A set of functions for the estimation of BTs and the BMs are available at the following link, together with the results of the parameters estimation procedures: https://osf.io/6dwz8/?view_only=eeac939df26b4503bec19fc64bfc87fd.

Part 2. In the second part of the analyses, a Spearman’s rank correlation test was conducted to test whether the BTs estimated through the computational procedures just described could predict the percentage of white and green codes assigned by each nurse in the year 2019. This percentage was calculated on the total of the emergency calls managed by that nurse. A positive relationship would confirm the predictive role of the BT as concerns the nurse’s behavior in everyday triage tasks (i.e., the higher the BT, the stronger the tendency to assign a large number of white and green codes). As a side note, it is worth noting that all the nurses participating in this study worked in the same operations center and encountered similar types of emergency calls. Thus, any systematic inter-individual differences in the assignment of priority codes in 2019 are likely attributable to variability in individual characteristics and familiarity with the protocol, rather than differences in the types of calls they typically handled.

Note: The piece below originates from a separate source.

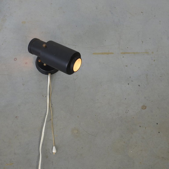 Elegante lámpara de pared con foco Zodiac, diseñada por Jacques Biny y producida por Lita en la década de 1950. Esta lámpara combina un diseño atemporal con funcionalidad, perfecta para cualquier interior moderno o vintage. Cuenta con un interruptor de cordón y conserva su cableado original, apta para países de la UE sin toma de tierra.

Part 3. The third part of the analyses focused on interrater agreement. Among the outputs of the Bayesian estimation procedure described in the first part of the analyses, there are the estimated BMs. Specifically, there were 15 BMs for each nurse, one for each emergency scenario. They represented, on a scale between 0 and 1, the nurse’s implicit judgments about the degree of belonging of each scenario to the category “at least yellow code,” where 0 stands for “definitely not yellow code” and 1 for “definitely at least yellow code “. In order to assess the interrater agreement net of possible spurious agreements and disagreements, the _std BT was applied to the estimated BMs. Therefore, BMs smaller or equal than 0.50 were transformed into a “green code or less” decision, and BMs larger than 0.50 were transformed into an “at least yellow code” decision. In other words, the interrater agreement was calculated on the dichotomized responses obtained from the estimated BMs (i.e., from the implicit judgments of severity), rather than on the nurses’ overt raw responses. This allowed us to obtain indices of interrater agreement that reflect the implicit level of agreement between the nurses, net of possible differences between their BTs.

Cohen’s κ (Cohen, 1960) was used to quantify the interrater agreement between each pair of nurses, between each nurse and the whole sample of nurses, and between each nurse and the reference experts. By definition, the reference experts’ BT is equal to the _std BT, therefore the judgments of the latter were also dichotomized into “green code or less” (i.e., ratings from 0 to 5) and “at least yellow code” (i.e., ratings from 6 to 10). We recall that the value of $κ$ falls in the range between −1 (perfect disagreement) and 1 (perfect agreement), with a value of 0 indicating chance agreement. According to McHugh (2012), in healthcare and clinical research, values of $κ$ below 0.60 imply an unacceptably low level of interrater agreement.

3 Results

3.1 BTs estimation and predictivity of the estimated BTs

Figure 1 shows the estimated BT for each nurse. The mean BT (horizontal solid line in the graph) was 0.53 (SE = 0.03), very close to the ideal BT of 0.50. This result is encouraging because it indicates that, at a group level, there was no systematic tendency towards over-or under-triage. Only three operators showed a significant tendency to under-triage (BT slightly larger than 0.70, operators 4, 3 and 6), and only one operator showed a significant tendency to over-triage (BT slightly lower than 0.30, operator 12).

Figure 1

Figure 1. BT of each nurse. Solid horizontal line: BT sample mean; dashed lines: indicative margins for thresholds that are either too high (i.e., >0.70) or low (i.e., <0.30).

The ex-post analysis of the 2019 data, indicative of the individual attitude in the attribution of priority codes, revealed a good uniformity among nurses. For the large majority of them, the percentage of white or green codes over the total number of codes was in the range 40–60% (see Figure 2), indicating a good balance between “green code or less” (i.e., white and green codes) and “at least yellow code” (i.e., yellow and red codes). The relationship between the estimated BT and the percentage of white or green codes assigned in 2019 was tested using a Spearman’s rank correlation test, which showed a clear positive relationship between the two variables: ρ = 0.58, p = 0.007. This result indicates that the estimated BT _r predicts the nurse’s attitude in everyday telephone triage tasks: the higher the BT _r , the higher the percentage of white and green codes assigned by r in 2019. Therefore, the BT _r appears to be a reliable index of nurse’s attitude towards triage.

Figure 2

Figure 2. Correlation between percentage of white or green codes assigned in 2019 and BT.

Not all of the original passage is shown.